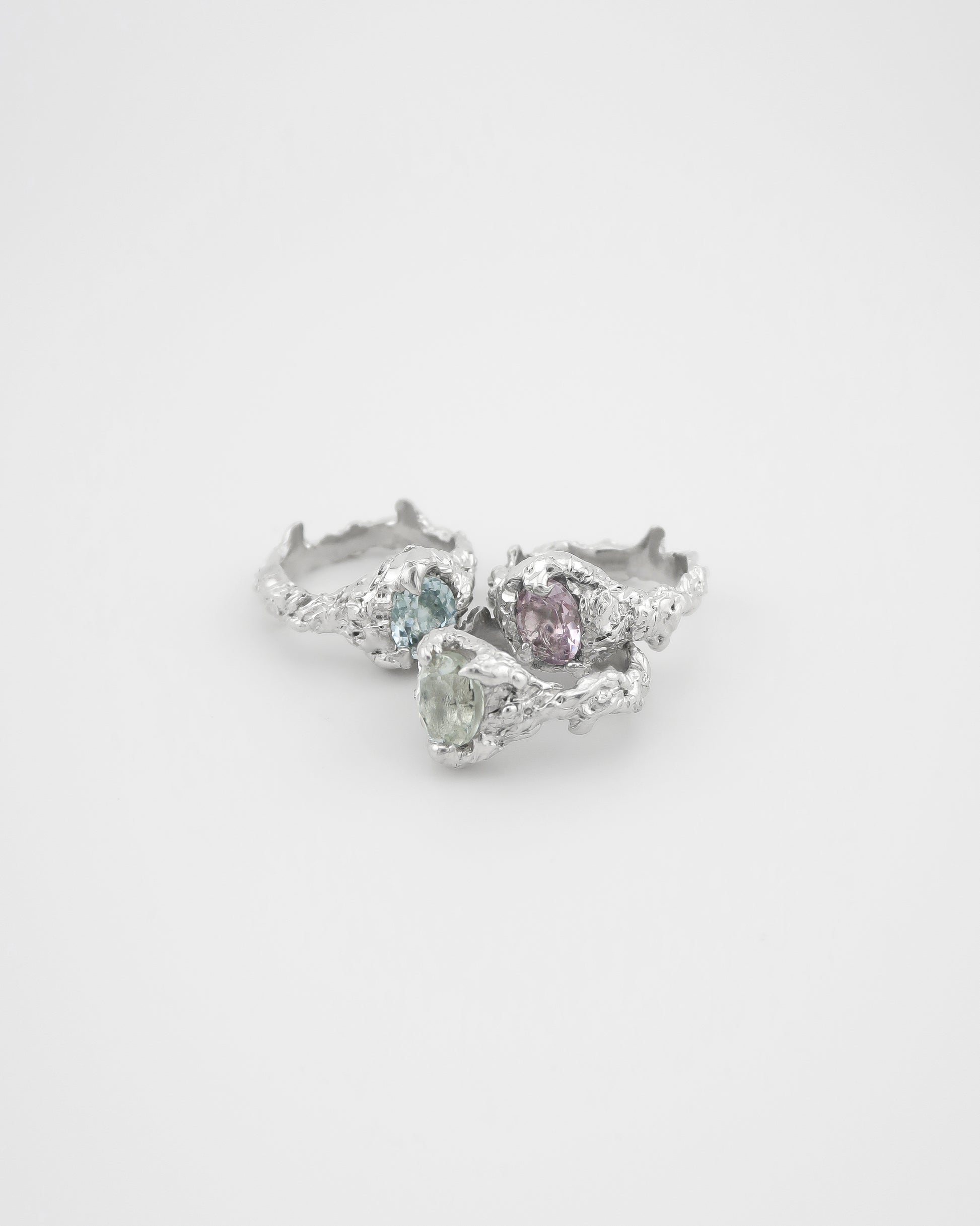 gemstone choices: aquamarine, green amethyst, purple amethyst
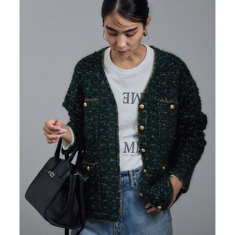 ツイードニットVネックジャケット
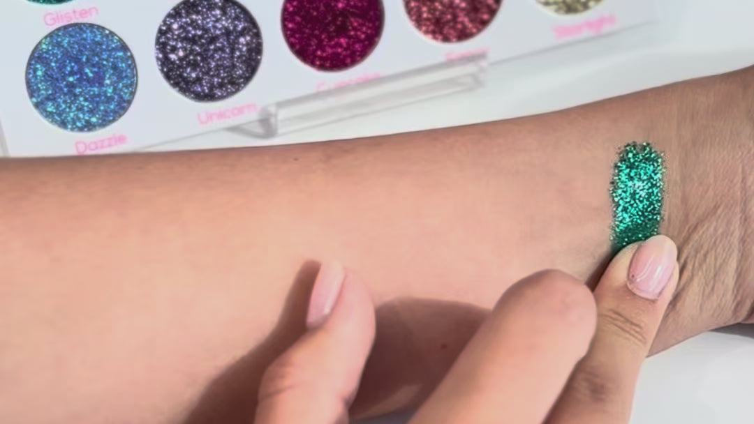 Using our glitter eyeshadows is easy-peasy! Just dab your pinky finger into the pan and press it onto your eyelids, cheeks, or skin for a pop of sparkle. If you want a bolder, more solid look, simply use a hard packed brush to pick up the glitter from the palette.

####################

» What the task asks
A verbatim copy of the listing is required, with all pictures left out.

» Answer to the exercise
 gemstone choices: aquamarine, green amethyst, purple amethyst
 ツイードニットVネックジャケット
 Using our glitter eyeshadows is easy-peasy! Just dab your pinky finger into the pan and press it onto your eyelids, cheeks, or skin for a pop of sparkle. If you want a bolder, more solid look, simply use a hard packed brush to pick up the glitter from the palette.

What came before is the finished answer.